= Jonathan Gili =

Jonathan Gili (19 April 1943 – 1 October 2004) was a British filmmaker, editor and director, who produced numerous and wide-ranging television documentary and features programmes, mostly for the BBC.

==Early life and education==
Gili was born in Oxford to father Joan Gili, a Catalan publisher and translator, and mother Elizabeth (née McPherson or MacPherson), cookbook author and the daughter of a Scottish-Canadian missionary. He was the brother of the sculptor Katherine Gili. Gili attended Dragon School locally in Oxford, and Bryanston School in north Dorset. He read Greats at New College, Oxford.

==Career==
Gili began as a freelance film editor. He first directed for the Religious Department of London Weekend Television, but most of his work was made at the BBC in the 1980s and 1990s. Among his most prominent early observational documentaries was the BBC1 film Public School, which featured Westminster School in London, broadcast in late 1979, with huge audience figures and a BAFTA Craft award. There followed a number of highly successful one-off documentaries, including "She Married a Yank" (GI Brides), "To The World's End" (in which the narration consisted entirely of Carl Davis's music), and "The Second Oldest Profession", about salesmen. He contributed three films to the series "Year of the French", including an unforgettable study of a peasant farmer. Then came his many films for "40 Minutes", some of which, such as 'Animal Crackers' and 'The Great North Road' featured Lucinda Lambton. The most memorable of all was "Mixed Blessings", a study of two babies accidentally swapped shortly after birth, and the aftermath for the families.
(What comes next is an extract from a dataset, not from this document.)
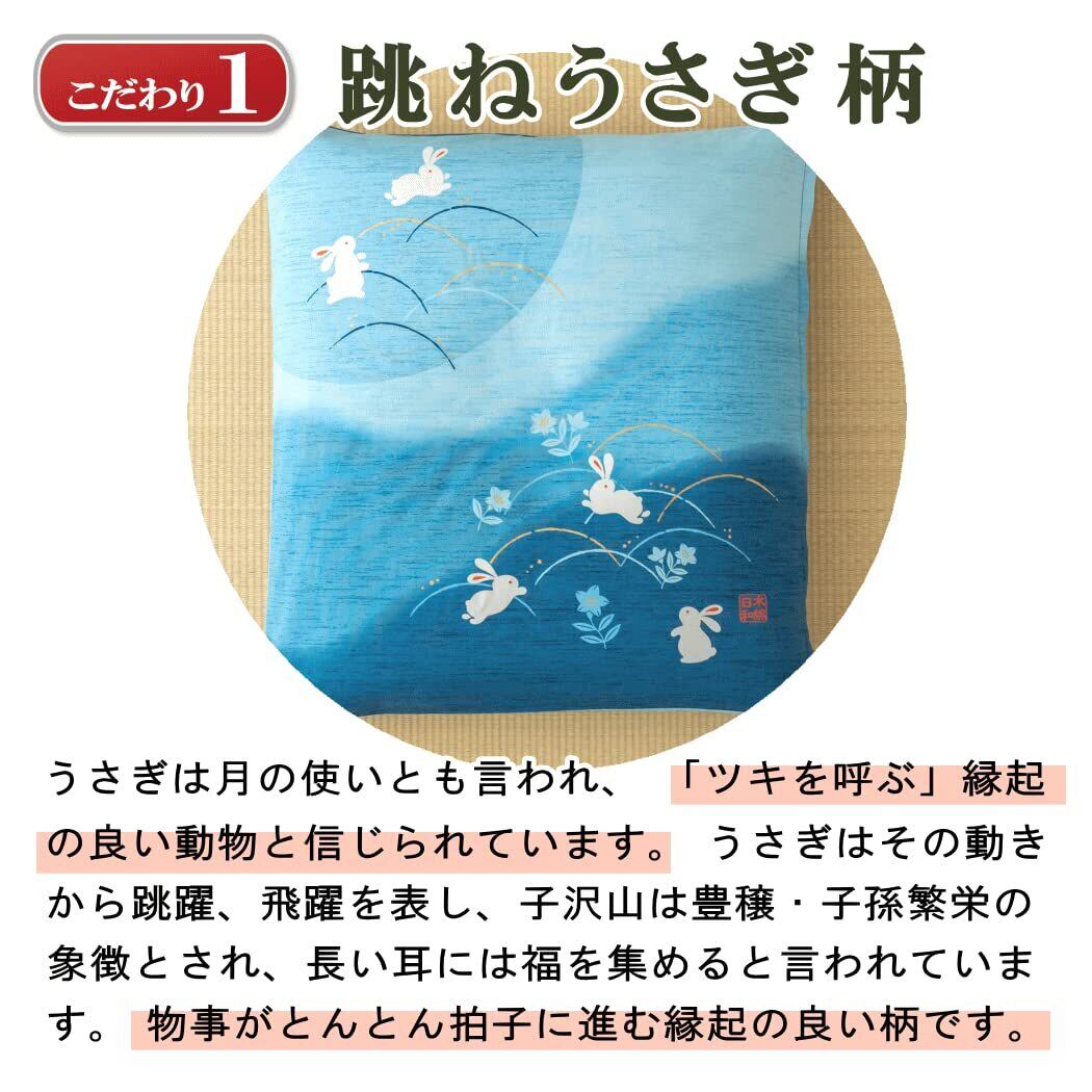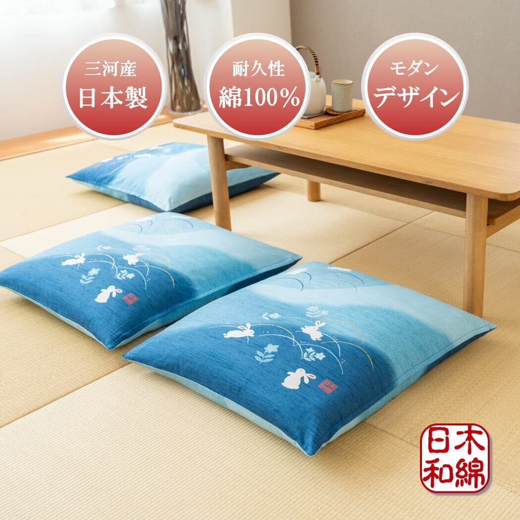 ■繊維の街、愛知県東三河地方蒲群市で生地の染工から縫製パッケージまで全て国内で仕上げた日本製です。伝統ある確かな技術で1枚1枚丁寧に仕上げています。■縁起の良い柄をプリント。うさぎは月の使いとも言われ、「ツキを呼ぶ」縁起の良い動物と信じられています。 うさぎはその動きから跳躍、飛躍を表し、子沢山は豊穣・子孫繁栄の象徴とされ、長い耳には福を集めると言われています。 物事がとんとん拍子に進むと伝わる縁起の良い柄です。■大口ファスナーで出し入れが楽です。■ご家庭でも簡単にお洗濯が可能ですのでいつでも清潔を保つことができてとても衛星的です。本体重量(1枚)約110g、綿100%生地を三河地方で縫製した耐久性抜群の座布団カバーです。

There followed many documentaries for the "Timewatch" series - histories of the Eiffel Tower, the Empire State Building, The Alaskan Gold Rush, The Oklahoma Outlaw. He worked for nearly two years on a two-part obituary film of Queen Elizabeth, the Queen Mother, narrated by Simon Russell Beale, music by Jonathan Dove, recognised to be the finest of its genre. He was appointed OBE, and received the Grierson Trustees' Award, the top documentary award of the Grierson Trust. (He knew about it, but it was presented posthumously.) "Tales From The Oklahoma Land Runs" won him an award from the Cowboy Hall of Fame.

Gili died from leukemia in 2004, at the age of 61. Leukemia had been diagnosed in 1984, when he was given three years to live. He received experimental treatment from the Hammersmith Hospital and survived 20 years.

Gili did many other things, including publishing books and pictures through his own printing press, Warren Editions. One noted work is a book of Lithographs by Glynn Boyd Harte, based on "Metro-land", the television film by Sir John Betjeman and Edward Mirzoeff.